On the axisymmetric spreading of non-Newtonian power-law gravity currents of time-dependent volume: an experimental and theoretical investigation focused on the inference of rheological parameters.

We study axisymmetric gravity currents consisting of a constant or time-dependent volume of a power-law viscous fluid propagating on a horizontal rigid plane below a fluid of lesser density. The intruding fluid is considered to have a pure Ostwald-DeWaele power-law constitutive equation. First, the conditions for buoyancy-viscous balance are examined, and the current rate of spreading is derived with a box-model. An existing self-similar solution to the nonlinear differential problem for the influx of a constant or time-variable volume of fluid is then described. Results from a number of experiments conducted in a 30° sector with shear thinning, Newtonian and shear thickening fluids, and with constant and increasing release rate, are presented and interpreted with the theoretical solution, obtaining globally a very satisfactory agreement.

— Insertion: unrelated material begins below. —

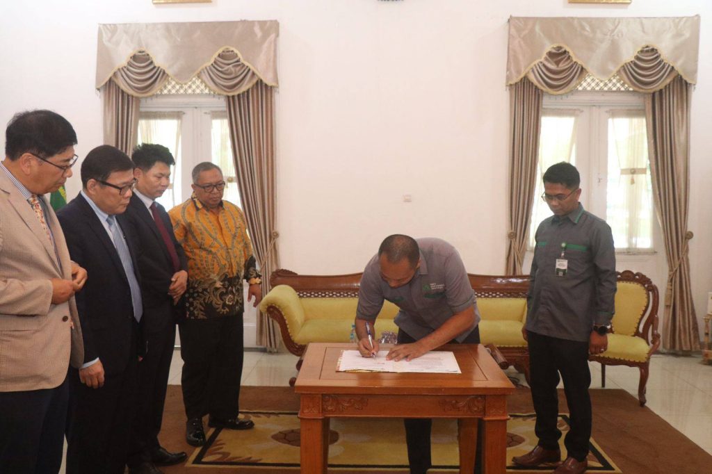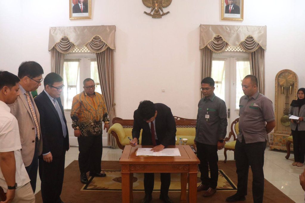 Dalam prosesi penandatanganan tersebut, disaksikan langsung Bupati Sukabumi Marwan Hamami.

The rheological parameters of the fluid, derived with a best fit procedure, are compared to those measured independently with conventional rheometry. Confidence intervals are evaluated for both estimates of flow behavior and consistency indices. Results support the feasibility of controlled constant flux laboratory experiments with gravity currents in axisymmetric geometry to infer the rheology of power-law fluids, especially at very low shear rates and with shear thinning fluids.